> [EXERCISE DETAILS]: Everything from the line holding "chưa đủ ấm 🥰" through the final line of the entries below is to be written out exactly, and nothing more; leave out pictures.
--- DATA UNDER STUDY ---
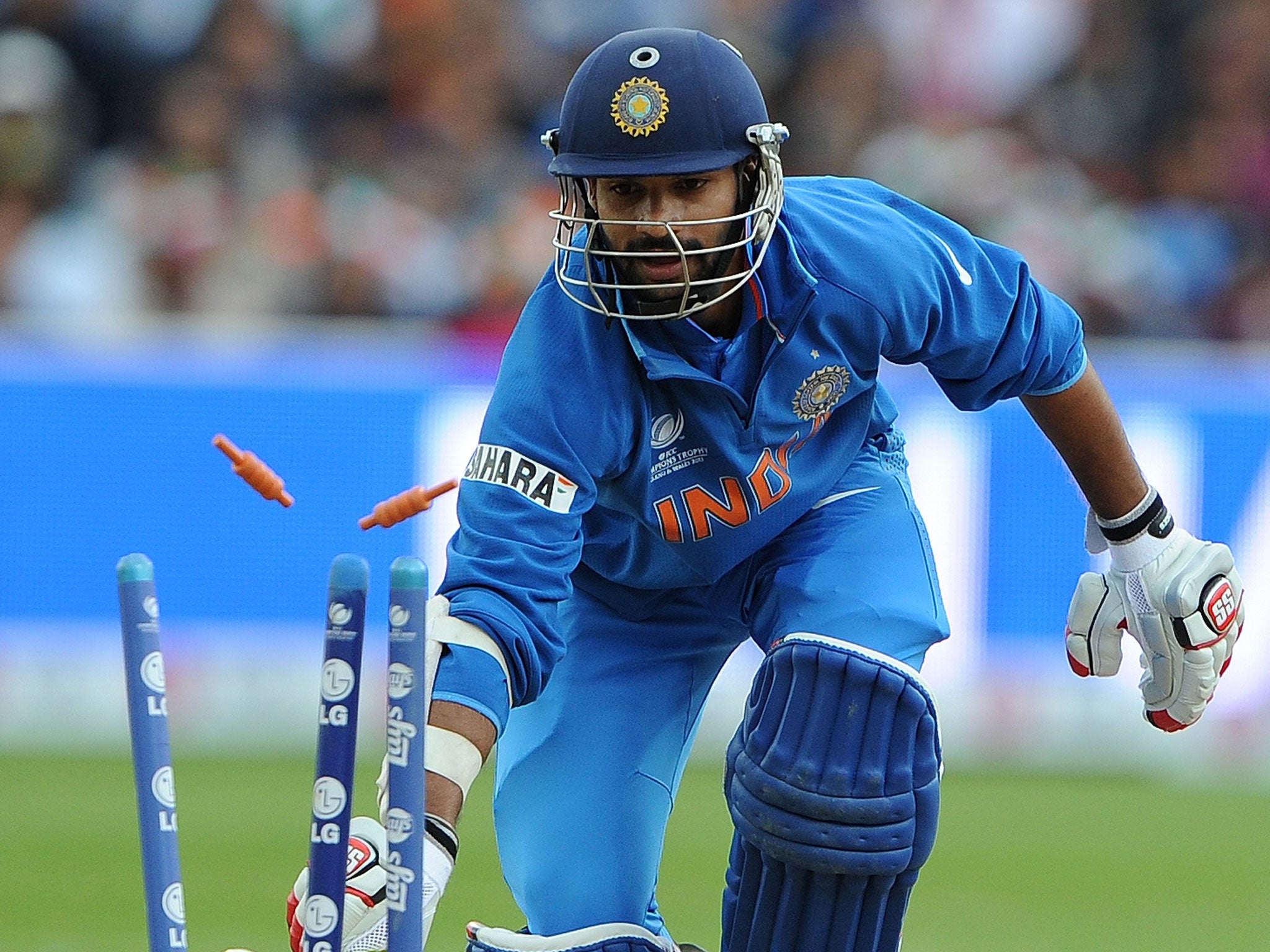 All that remained was for Shikar Dhawan to exude star quality as India chased down a target which was reduced from 168 to 157 and, finally, 102 in 22 overs. The left-handed opener, with his waxed moustache and raffish, raised collar, represents the new generation. He cemented his status as the tournament’s lead scorer, making 48 from 41 before perishing in the deep.
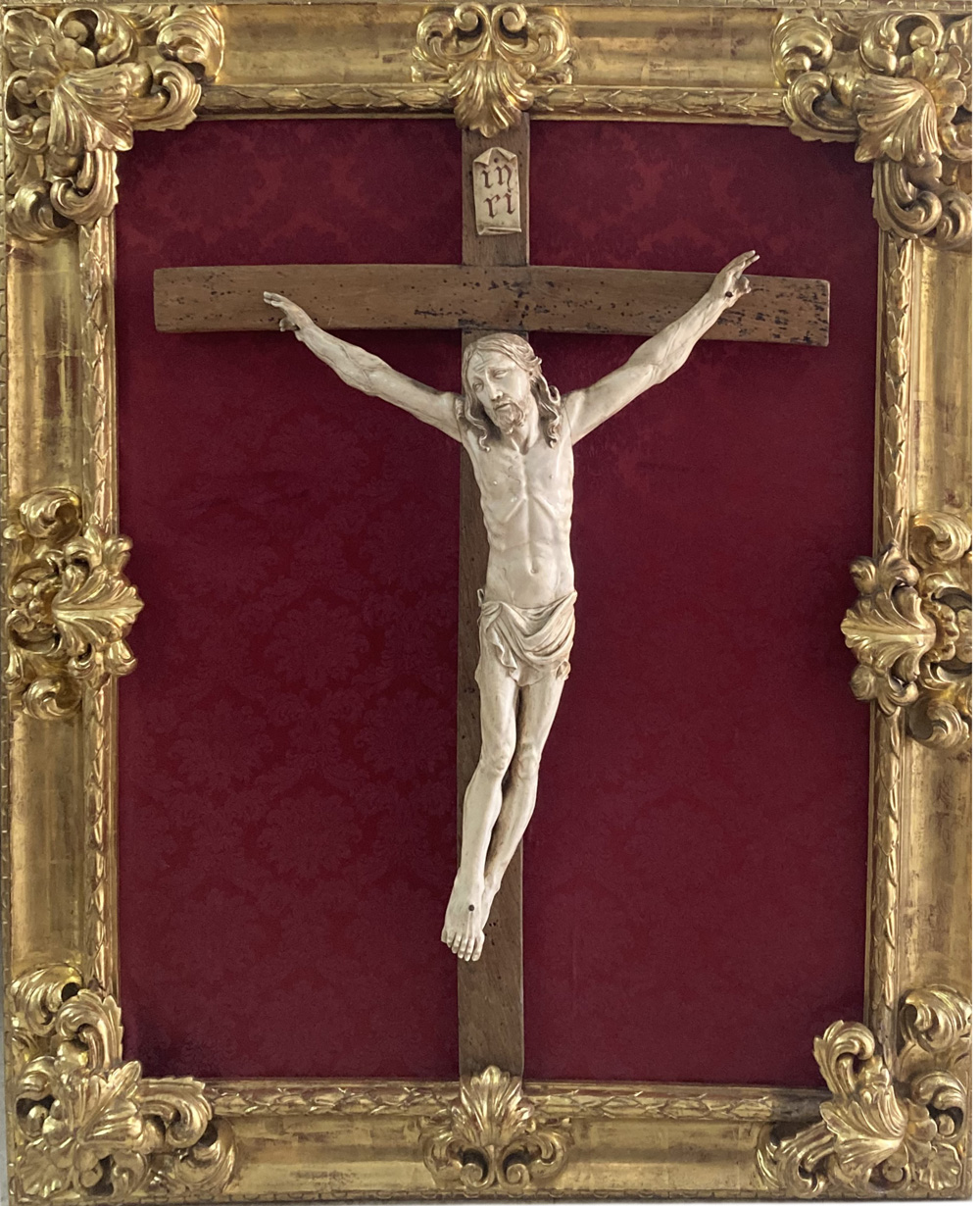 Large 17thC. Ivory Crucifix in Carved Giltwood Frame
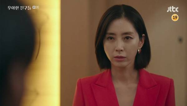 JTBC 금토드라마 <우아한 친구들>의 본격적인 이야기는 바로 이 지점부터 시작됐다. 남정해에게 의도적으로 접근한 주강산에 의해 그의 가정이 파탄 위기에 내몰리는 것. 아마도 대학시절 죽은 교수와 관련이 있을 법한 이 인물은 본격적인 복수를 시작한 모양새다. 그렇게 성폭력을 당한 남정해에게 주강산은 계속 만나자고 문자를 보냈고, 병원까지 찾아와 큰 소리로 "사랑한다"며 "사귀자"고 외치기도 했다.
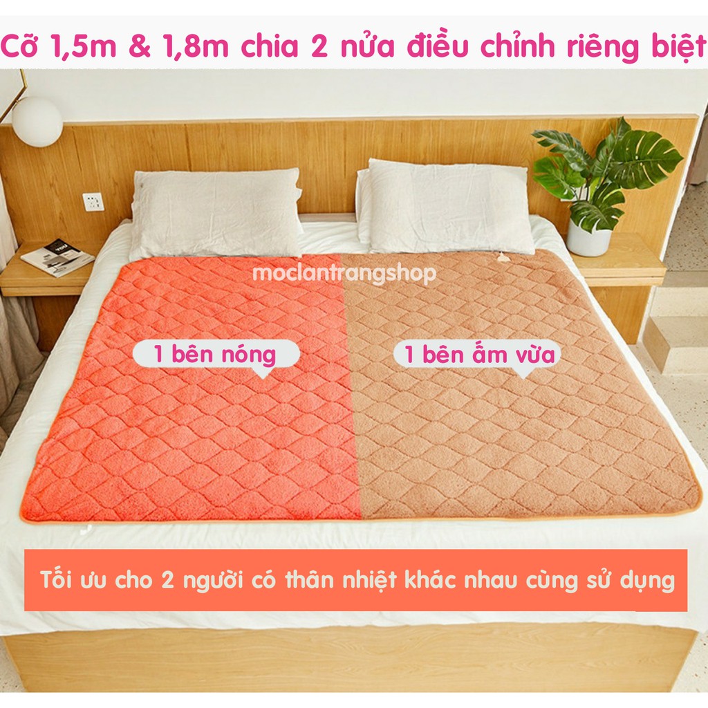 💖 Đặc biệt với loại to 1m5 và 1m8, lò xo làm nóng được chia thành 2 nửa tương ứng với 2 người nằm. Bạn có thể điều khiển từng nửa riêng biệt cho phù hợp với mỗi người. Không còn tình trạng người thì thấy nóng, người vẫn thấy chưa đủ ấm 🥰
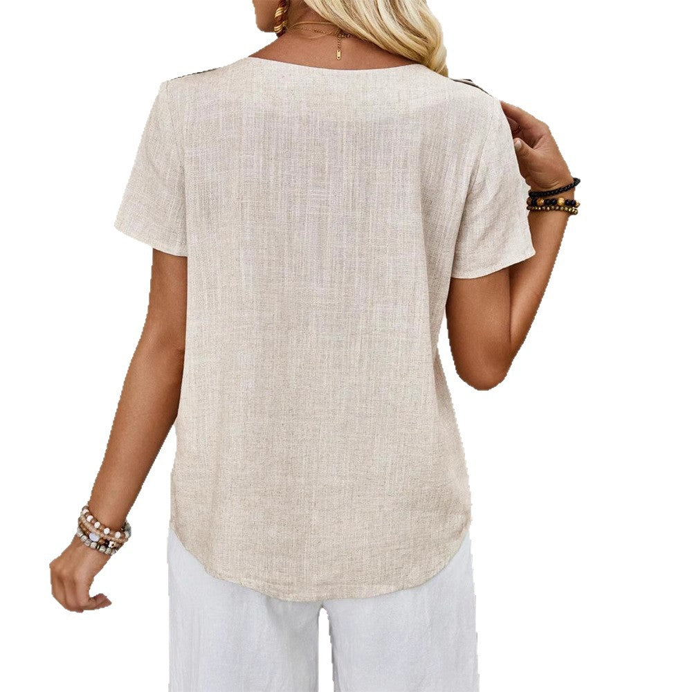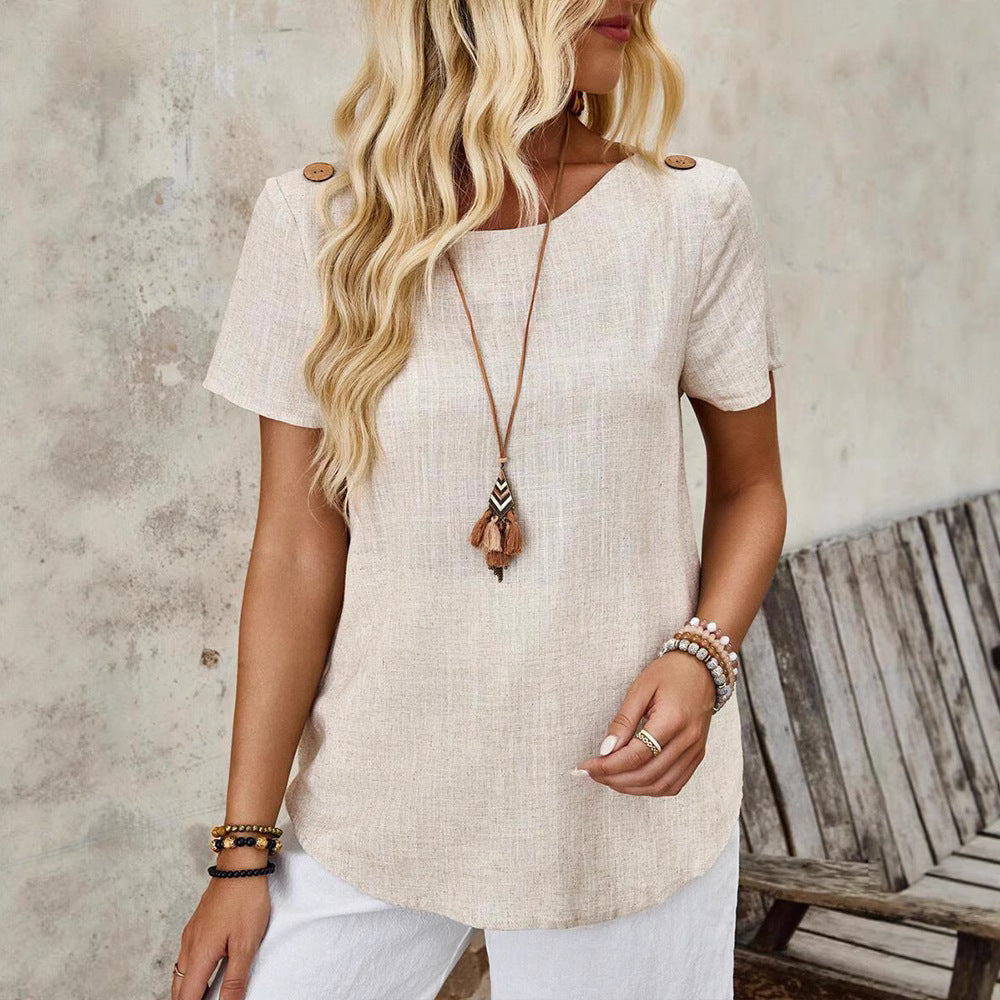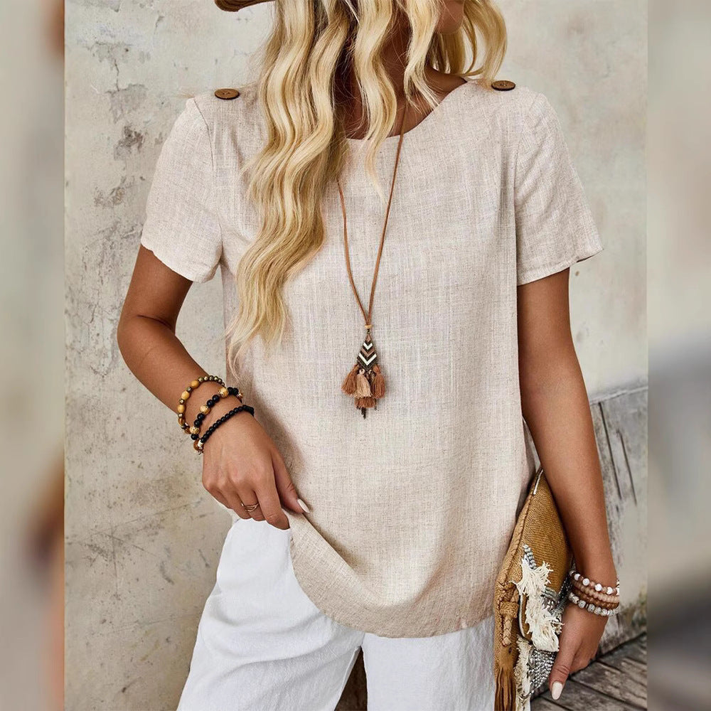 Dette stilfulde dame-top kombinerer moderne elegance med høj komfort. Fremstillet af let linned, sikrer det en behagelig følelse på huden på varme dage. De særlige knapdetaljer på skuldrene giver designet et unikt præg og adskiller sig fra almindelige toppe.
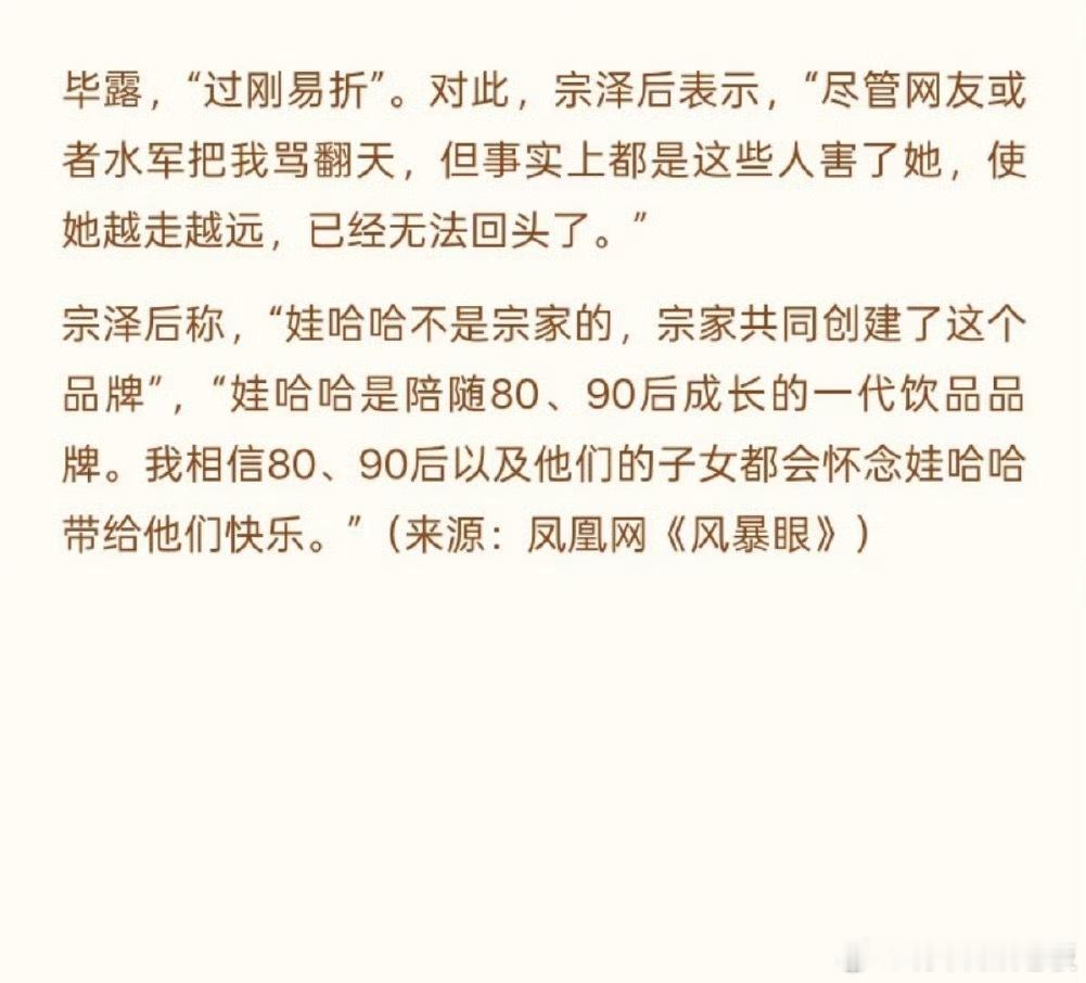 宗泽后回应宗馥莉辞职一边是宗馥莉砍掉旧渠道、推新品牌的激进改革,一边是老辈认可的“人情根基”;而那句“娃哈哈是员工与消费者共建的品牌”,更让这场家族企业传承之争,多了层关于品牌归属的集体记忆讨论。你觉得宗馥莉的辞职,真的是“水军之过”吗?
---
> [EXERCISE ANSWER]:
 💖 Đặc biệt với loại to 1m5 và 1m8, lò xo làm nóng được chia thành 2 nửa tương ứng với 2 người nằm. Bạn có thể điều khiển từng nửa riêng biệt cho phù hợp với mỗi người. Không còn tình trạng người thì thấy nóng, người vẫn thấy chưa đủ ấm 🥰
 Dette stilfulde dame-top kombinerer moderne elegance med høj komfort. Fremstillet af let linned, sikrer det en behagelig følelse på huden på varme dage. De særlige knapdetaljer på skuldrene giver designet et unikt præg og adskiller sig fra almindelige toppe.
 宗泽后回应宗馥莉辞职一边是宗馥莉砍掉旧渠道、推新品牌的激进改革,一边是老辈认可的“人情根基”;而那句“娃哈哈是员工与消费者共建的品牌”,更让这场家族企业传承之争,多了层关于品牌归属的集体记忆讨论。你觉得宗馥莉的辞职,真的是“水军之过”吗?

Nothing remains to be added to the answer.